Neulich schrieb ich schon mal, dass ich aus der Regierungsbildung hierzulande ausgestiegen bin. Ute hatte mir da aus der Seele gesprochen. Trotzdem, es ist erschreckend was nun hierzulande gerade in Sachen Bildungspolitik mal eben ausprobiert werden soll. Weg mit den Studiengebühren - gut für die Studenten, keine Frage, aber die Unis sollen natürlich weiterhin Gelder zum Umbau diverser Studiengänge zur Verfügung stehen - Gelder die genau woher kommen? Abitur nach 12 oder 13 Jahren? Gerade eben erst wurde G8 umgesetzt - zugegebener Maßen nicht so richtig durchdacht, im Prinzip wurde einfach ein Jahr gestrichen und die Unterrichtsstunden und Lehrinhalte auf die verbliebenen aufgeteilt. Das führte zu diversen Problemen, angefangen von nicht vorhandenen Aufenthaltsräumen oder fehlender Mittagsverpflegung über völlig überlastete Schüler und steigendem Druck. Nicht gut, kein Diskussionsbedarf. Statt aber nachzubessern, sinnvoll zu überlegen was aus den Lehrplänen gestrichen werden kann, wie man eine Mittagsverpflegung organisieren kann etc. kommt jetzt der 1A-Spitzenvorschlag: Es soll zukünftig den Schulen überlassen werden, ob sie G8 oder G9 anbieten, in Abstimmung mit den Eltern - versteht sich! Hallöchen? Gehts irgendwie noch? Zu was bitte soll das führen? Vermutlich zum absoluten Bildungschaos. Weg mit der unbegrenzten Schulwahl, weg mit den Kopfnoten - ja, man kann über beides sehr geteilter Meinung sein, aber ganz ehrlich, wenn nicht endlich mal jemand anfängt sich langfristig mit einer gescheiten Bildungspolitik auseinander zu setzen und das in den nächsten Jahren so weiter geht, dann wird jeweils mit einem Wechsel der Regierung alles wieder zurück auf Anfang gestellt. Vier Jahre so rum, vier Jahre wieder anders herum. Von hierdurch entstehenden Kosten, riesigem Bürokratieaufbau etc. mag ich gar nicht erst reden.

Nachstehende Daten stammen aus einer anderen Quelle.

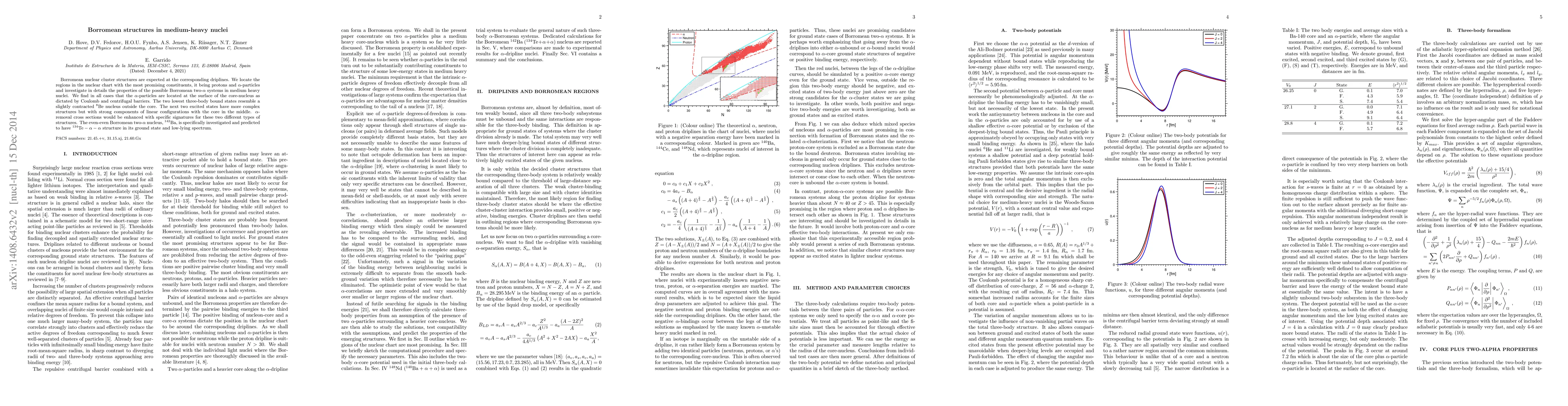 Borromean nuclear cluster structures are expected at the corresponding driplines. We locate the regions in the nuclear chart with the most promising constituents, it being protons and alpha-particles and investigate in details the properties of the possible borromean two-alpha systems in medium heavy nuclei. We find in all cases that the alpha-particles are located at the surface of the core-nucleus as dictated by Coulomb and centrifugal barriers. The two lowest three-body bound states resemble a slightly contracted $^{8}\text{Be}$ nucleus outside the core. The next two excited states have more complex structures but with strong components of linear configurations with the core in the middle. Alpha-removal cross sections would be enhanced with specific signatures for these two different types of structures. The even-even borromean two-alpha nucleus, $^{142}$Ba, is specifically investigated and predicted to have $^{134}\text{Te}-\alpha-\alpha$ structure in its ground state and low-lying spectrum.

Was wir in Sachen Bildungspolitik brauchen ist meiner Ansicht nach völlig eindeutig. Längeres gemeinsames Lernen mindestens bis Klasse 6, stärkere individuelle Förderung sowohl für leistungsschwache als auch für leistungsstarke Kinder, verbindliche Sprachförderung, die erst endet, wenn es keine sprachlichen Defizite mehr gibt. Eine individuelle Förderung würde dazu führen auch leistungsschwache Kinder zu stärken, statt sie im Schulsystem immer weiter absteigen zu lassen und sie so schon als kleine Menschlein zu "entwerten". Stärkere Einbindung von sportlichen Aktivitäten in den Schulalltag, was für mich einen Weggang vom ausschließlichen Lernen am Vormittag bedeutet und auf jeden Fall dazu führen müsste, dass sich der Schultag bis mindestens 15 Uhr ergibt. Gleichzeitig bedeutet das, dass es in allen Schulen ein warmes gesundes und ausgewogenes Mittagessen gibt und Ernährung auch eine Rolle in der Schule spielen muss. Ziel soll es nicht sein, dass alle Kinder die Schule mit dem Abitur verlassen, keine Frage. Aber eine Intergration von Sportvereinen, Musikschulen etc. in den Schulalltag würde auch die aktuelle Diskussion um kostenlose Gutscheine für ärmere Bevölkerungsschichten erübrigen. Schule darf sich nicht auf die reine Wissensvermittlung beschränken und sämtliche soziale Kompetenzen überhaupt keine Rolle spielen. Hierbei ist aus meiner Sicht auch wichtig, dass Kinder unterschiedlicher Altersstufen gemeinsame Projekte durchführen um so von einander zu lernen.
Mit einer Bildungspolitik, die längsten vier Jahre bestand hat, werden wir - 10 Jahre nach dem ersten "Pisa-Schock und 10 Jahre in denen wir immer noch in einer Schockstarre verharren und NIX passiert ist - nichts erreichen. Schon alleine der Tatsache, dass wir einem demographischen Wandel unterliegen, der nicht mehr aufzuhalten ist, ist es geschuldet, dass wir es uns nicht leisten können, Kinder die aus einer bildungsferneren Schicht kommen im jetzigen System untergehen zu lassen, denn wir dürfen nicht vergessen, dass die Akademiker Eltern von heute im Durchschnitt weniger als ein ganzes Kind bekommen.